How to verify the APK signing certificate fingerprint? (linux)

[Pocketchange]

Hi btctalk!

I'm stumped on how to "import GPG key" on this apk file.  I'm on linux and been trying for a couple days.

https://github.com/Blockstream/green_android

Can anyone point me to a resource to accomplish this?

Thank you!

[vv181]

As shown at https://help.blockstream.com/hc/en-us/articles/900002174043-How-do-I-verify-the-Blockstream-Green-binaries-, you can do:

Code:

$ gpg --keyserver keyserver.ubuntu.com --recv-keys "04BE BF2E 35A2 AF2F FDF1 FA5D E7F0 54AA 2E76 E792"

If it fails, try:

Code:

$ gpg --verbose --keyserver hkp://keyserver.ubuntu.com:80 --recv-keys "04BE BF2E 35A2 AF2F FDF1 FA5D E7F0 54AA 2E76 E792"

[Pocketchange]

I really appreciate the help vv181! I looked at a lot of places for help except blockstreams articles. 
I thought it would be simpler if they just put the code on their github page.

Thank you!

[Orneved50]

Hi btctalk!

I'm stumped on how to "import GPG key" on this apk file.  I'm on linux and been trying for a couple days.

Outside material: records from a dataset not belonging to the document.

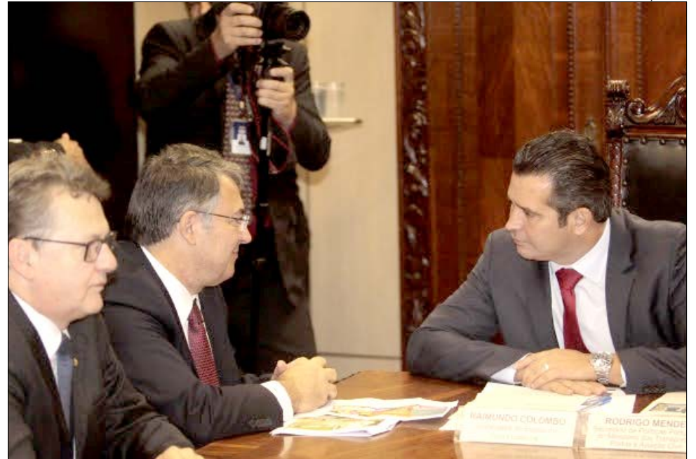
Governador colocou às autoridades a importância da ponte em Paraíso para as exportações catarinenses
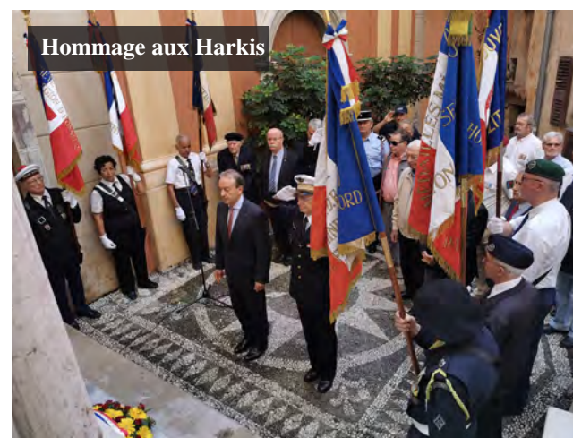
Hommage aux Harkis

Au village de Roquebrune-Cap-Martin, au pied du monument aux Morts, ont eu lieu, après la célébration du 14 juillet, des dépôts de gerbes le 21 juillet dans le cadre de la journée nationale à la mémoire des victimes de crimes racistes et antisémites de l'État français, puis l'hommage aux Harkis et aux formations supplétives le 25 septembre.
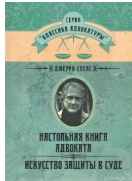
Настольная книга адвоката. Искусство защиты в суде
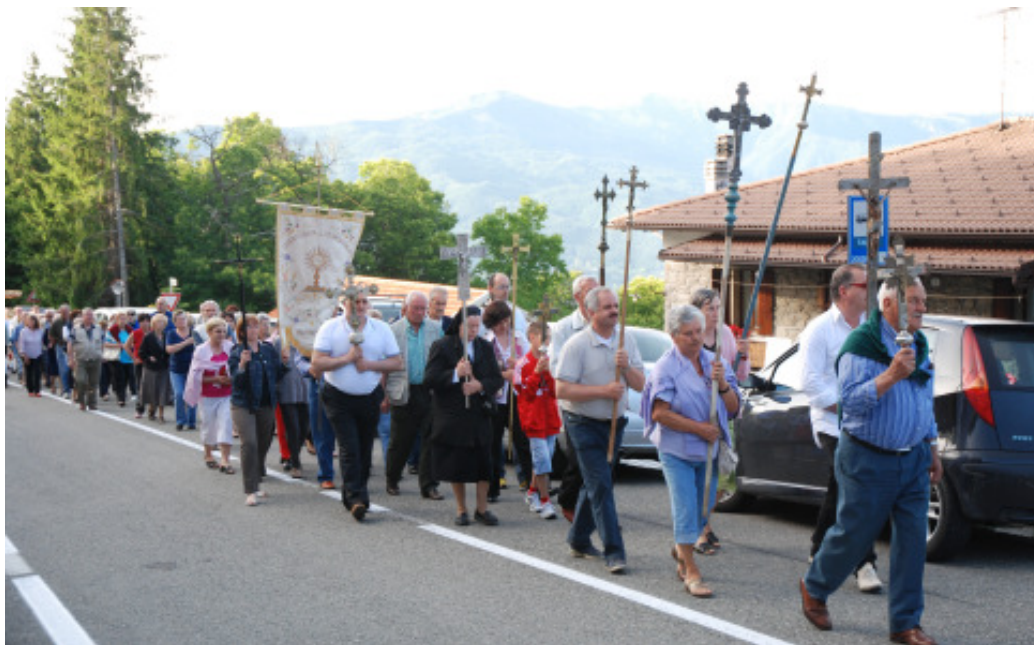
Rimagna: la festa del "Corpus Domini" nel 2009 con la partecipazione del Vescovo Mons. E.nrico Solmi e delle parrocchie dell'Unità Pastorale
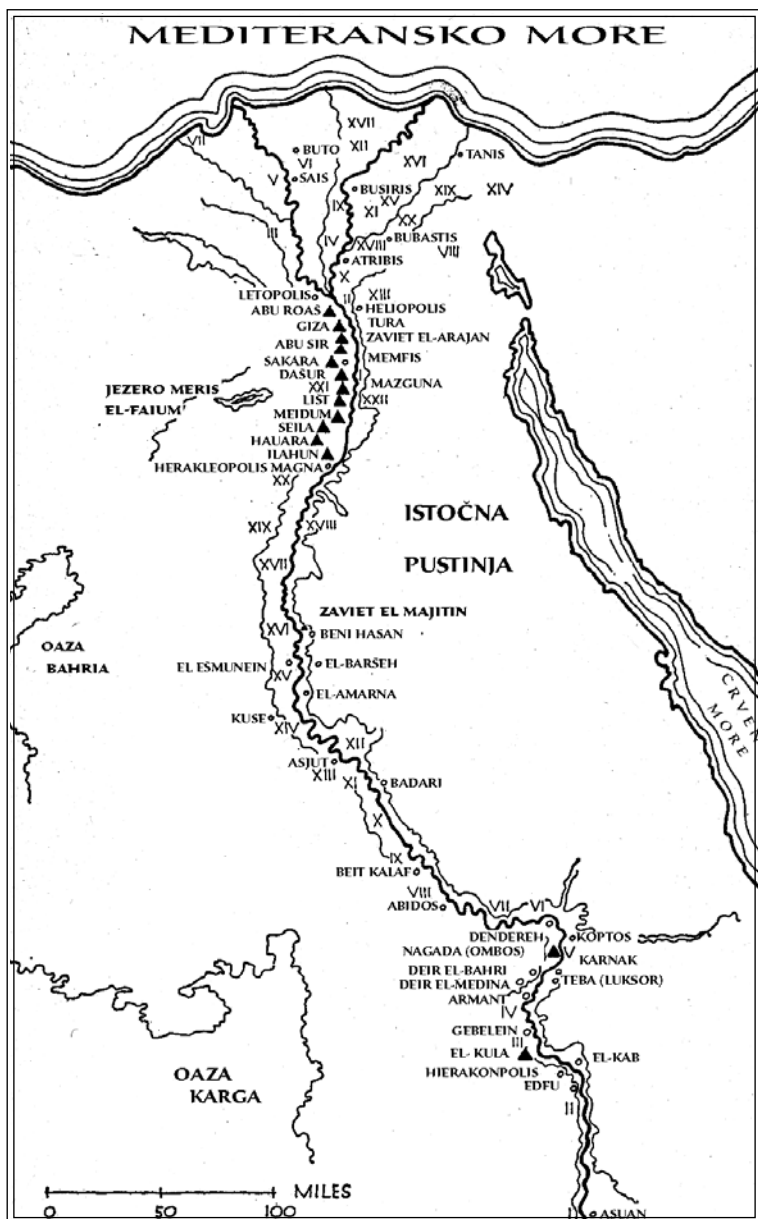
Crtež 1: Mapa Egipta
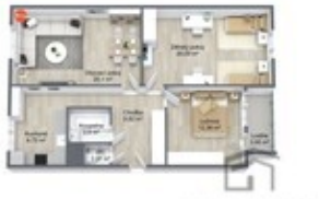
BYGGA & PETÄÄRÖYÄ KIVINKI
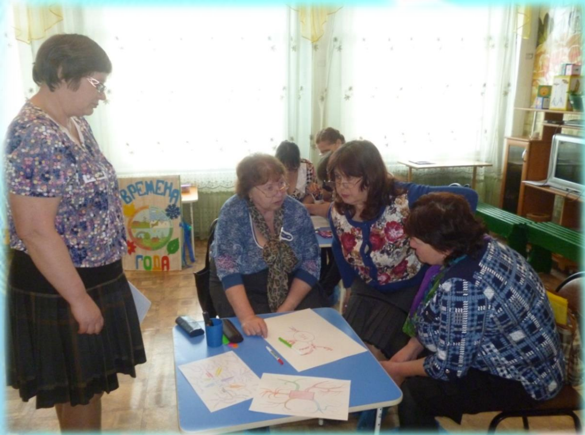
Мастер-класс для учителей «Интеллект-карта»
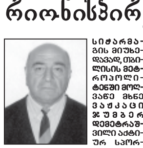
მსოფლიო ჩემპიონატის ფინალისტთა წარგლენას...
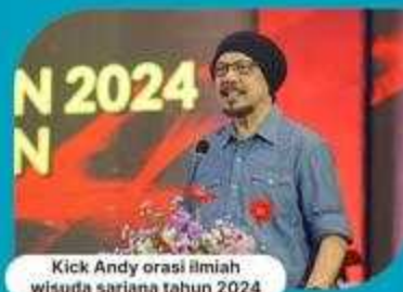
Kick Andy orasi ilmiah wisuda sarjana tahun 2024
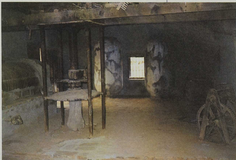
Antiguos molinos de aceite se convertirán en alojamientos rurales, restaurantes o pequeños museos

También a través de dos proyectos de Cooperación Transnacional (Pinhal Maior en Portugal y Bocage Bourbonnais en Francia) y de la Red LEADER Europea, el Grupo de Acción Local ha potenciado la comercialización y la difusión de los productos de la comarca, y en especial de los derivados de la aceituna, en otras zonas de Europa.
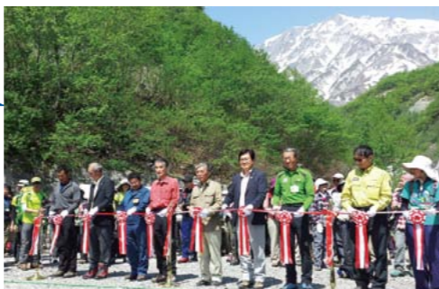
▲白馬連峰の開山祭にて

平成28年から8月11日が「山の日」として祝日になります。昨年の超党派議連の設立から、事務局長として奔走。上高地の山岳関係者を交えた合宿などを経て祝日化を実現しました。山の恵みに感謝するとともに、安全安心に、山に親しむための「山の日」の制定により、山に囲まれた信州の魅力をも日本全体に、世界に発信する好機となることを願っています。
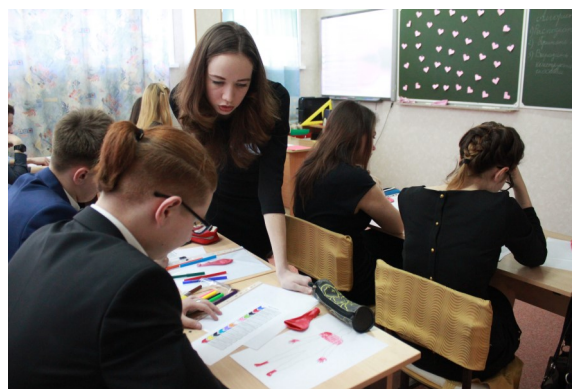
Внимание учителя - главное в обучении.
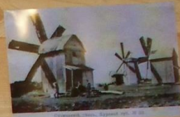
Мельница, Курский уезд, № 10.
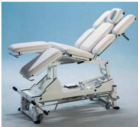
Table de traitement à ajustements multiples.
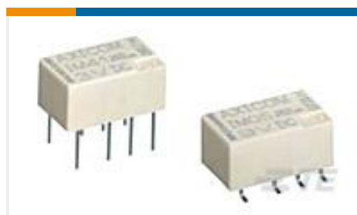
TE 产品编号1-1462037-6 IM03JR=IM RELAY 140mW 5V
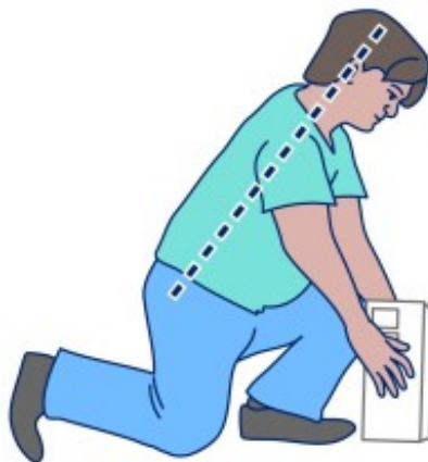
图 6. 下蹲直到后膝触地
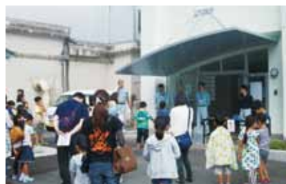
駒場浄水場見学会

本年10月以降の検針分より平均改定率17%の値上げを行いますので、先般より検針にあわせて「南アルプス市企業局（水道）からのお知らせ」を配布し、周知を行っています。今後も経営努力し、安全、安心な「美味しい水」を安定してお届けしますので、皆さまのご理解とご協力をお願いします。
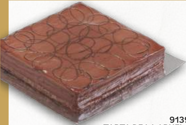
9139 TARTA DE LA ABUELA Tarta con galletas María, crema de flan, trufa cocida y bañada en chocolate con leche. 20 porciones 2500 g. 8 cajas por base 166 cajas por palé
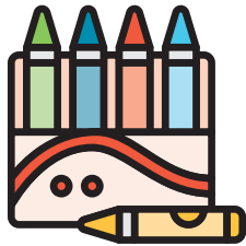
പെയിന്റിംഗ്, ചിത്രവരയ്ക്കൽ, മുറിക്കൽ, ഒട്ടിക്കൽ

നിങ്ങളുടെ കുട്ടി നിരവധി വ്യത്യസ്തമായ പഠന പ്രവർത്തനങ്ങൾ അനുഭവിച്ചറിയും

https://github.com/Blockstream/green_android

Can anyone point me to a resource to accomplish this?   Mayo Clinic Patient Portal App


Thank you!

Hello,

To import a GPG key for the APK file from the GitHub repository "Blockstream/green_android" on Linux, follow these steps:

Download the repository's GPG key: gpg --recv-keys <KEY_ID>

Verify the APK signing certificate fingerprint:

jarsigner -verify -verbose -certs <APK_FILE>

For detailed instructions and troubleshooting, refer to the repository's documentation or GPG and APK signing guides online.